Sheng-wu-lien is a newborn sprout comparable to the Soviets. It is the embryonic form of a more mature 'commune' than that of January and August. No matter how the bourgeoisie alternately employ suppression and the reformist tactic of encouraging the activities of a third force, Sheng-wu-lien as a true newborn Red political power will surely grow and gather strength continuously amid big gales and storms...

As has been said in the preceding paragraphs, the basic social contradictions that gave rise to the great proletarian cultural revolution are contradictions between the rule of the new bureaucratic bourgeoisie and the mass of the people. The development and intensification of these contradictions decides that society needs a more thorough change — overthrow of the rule of the bureaucratic bourgeoisie, thorough smashing of the old state machinery, realization of social revolution, realization of a redistribution of assets and power, and establishment of a new society - 'People's Commune of China'...

At present, are these basic contradictions of Chinese society resolved? Is the object of the first great cultural revolution fulfilled?

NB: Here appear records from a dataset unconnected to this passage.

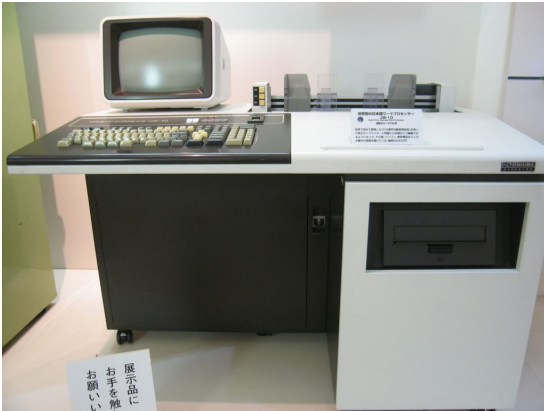
Figure 3. The JW-10, the first Japanese word processor (Toshiba Science Museum, Kawasaki, Japan). Improving Japanese language computer interfaces was a major goal of the FGCS project.

Extensive planning for the FGCS began in the late-1970s, and it included consultations with Feigenbaum and other Western AI experts. When the project was announced at an international conference in Tokyo, 1981, Feigenbaum gave an invited keynote, praising the project's prospects and even calling for more international collaboration. 25 Yet immediately after returning to the United States, he began traveling to computer science departments around the country at his own expense to raise alarms about the threat the Japanese project posed. 26 Kicked out of Eden, starved of funding, and stripped of the right to make promises about AI, Feigenbaum could still make threats—and a threat is just as good as a promise. Both are statements about the future that commit the speaker to course of action.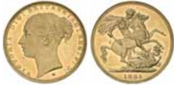
1325* Queen Victoria , 1885 Melbourne (McD 169c). Uncirculated.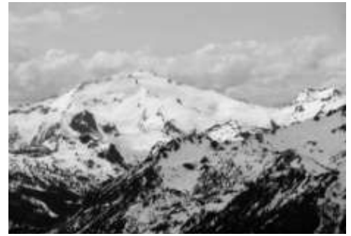
Mt Daniels left rock is Cathedral Rock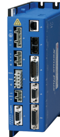
Xenus PLUS XML

In addition to customized drives, Copley's motion subsystem design and manufacturing capability can significantly reduce time to market while freeing-up key OEM resources to focus on core design issues. Copley's expertise in power and thermal management as well as experience in the accelerated life test of complex subsystems guarantee lowered cost of ownership. Optimized motion subsystem design ensures the highest level of performance in the smallest footprint.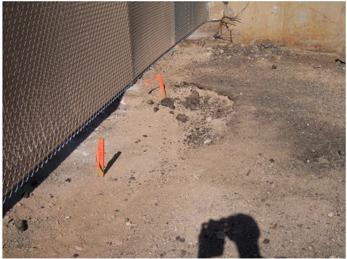
Photographs of Proposed Soil Sampling Locations.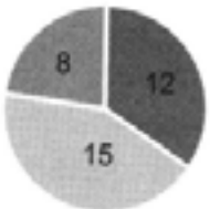
(c) ■ 2000 ■ 2020 ■ 2021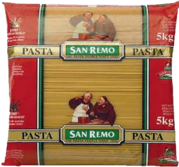
No. 12697 PASTA - SPAGHETTI # 5 2x5KG SAN REMO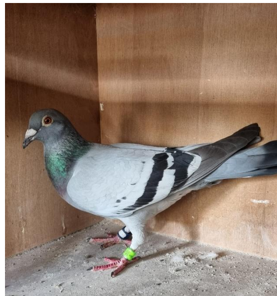
Petre Graur's hen

27 th Open, 3 rd North Centre Section, Dave Bunker Brierley of Redcar over 914 miles. My entry for the BICC Barcelona race 2025 is now called Barcelona Dream Girl, after returning home on the 5 th day of liberation into Redcar in the north east of England. She's called this because she carries strong bloodlines of Barcelona Dream the 30-year record holder for the longest flying bird from Barcelona in the BICC at 879 miles bred and raced by Jim Emerton. Barcelona Dream Girl is currently sitting at 27 th Open, 3 rd Section at 914 miles and has broken Barcelona Dream's record. She is currently the record holder, but the race is still on, and this position may change. But at least she's a record holder for now – wow what a feeling! I prepared her for the daunting task ahead of her by sending her to 5 inland races up to 200 miles and then sent her to Roye over the channel 375 miles, 3 weeks before her big race. My birds are conditioned on an open hole, with no medication except the mandatory vaccine. I give them my home made, totally natural, supplements. The feeding for this race was fats, fats and more fats, although should they choose every other grain, it is available. Quite simple really, it's more what I don't give them which is the most important. I'm very proud of her achievements and Barcelona Dream Girl is a little star.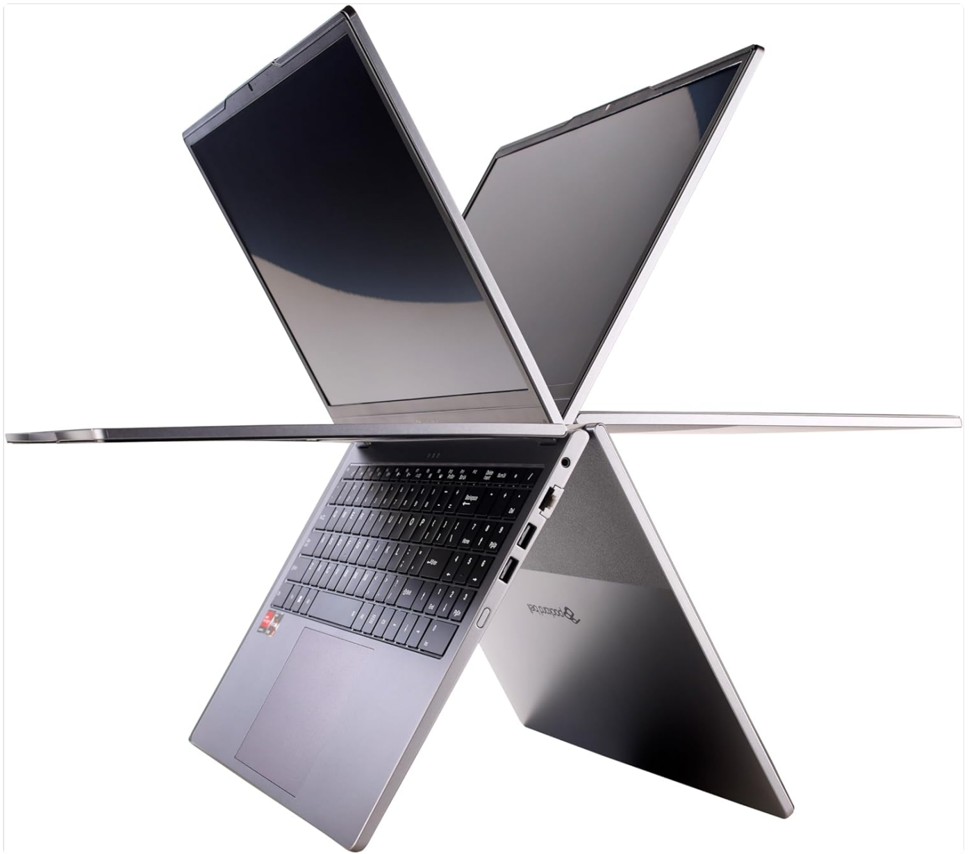
Figure 3.1: 360-Degree Flexibility

This image illustrates the Packard Bell Carrera F3 Flex laptop's 360-degree hinge capability, showing the device in multiple positions: a standard laptop, a tent-like configuration, and a fully folded tablet mode, highlighting its versatility.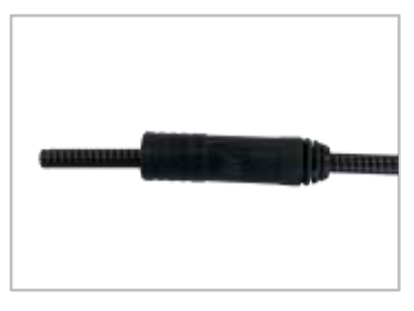
Prior to cable prep, slide the WPS-2MT-14S-01 boot onto the 1/4" cable 8–12" from the end.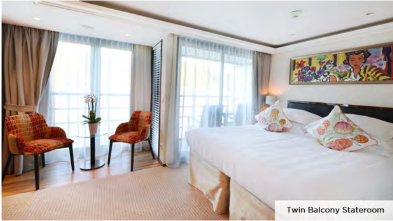
Twin Balcony Stateroom

7-night cruise | June 16-23, 2025 | Aboard AmaVerde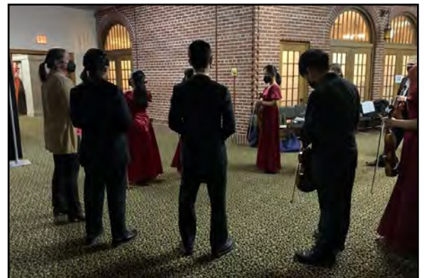
Right: Espressivo at the IMU

As has been said above, the form of political power is superficially changed. The old provincial Party committee and old military district command have become 'the revolutionary committee' or 'preparatory group for revolutionary committee.' However, old bureaucrats continue to play the leading role in the 'new political power.' The contradiction between the old provincial Party committee and old military district command on the one side and the people on the other, and the contradiction between the capitalist-roaders of the .47th Army and the people, remain basically unresolved. The c6ntradiction between the new bureaucratic bourgeoisie and the mass of people is also basically unresolved, but assumes the new form of contradiction between Sheng-wu-lien and the 'new political power.' The overthrow of the new bureaucratic bourgeoisie, changes in the armed forces, establishment of communes and such basic social changes, which the first great cultural revolution must fulfil, are not fulfilled. Of course, such 'redistribution of assets and power' were temporarily and in a limited way realized during the January revolution and the August storm. But the fruit of victory of both the January revolution and the August storm has been basically usurped by the bourgeoisie. Social reforms were aborted, social changes were not consolidated and thoroughly realized, and the 'end' of the first great cultural revolution has not been reached. As the masses have said, 'Everything remains the same after so much ado ... The new trend of thought (the ultra-Left trend of thought) is not yet quite mature and is still very weak, but its overcoming of the apparently powerful traditional ideas and the rotten, mummufied doctrine of second revolution will be an inevitable tendency of historical development.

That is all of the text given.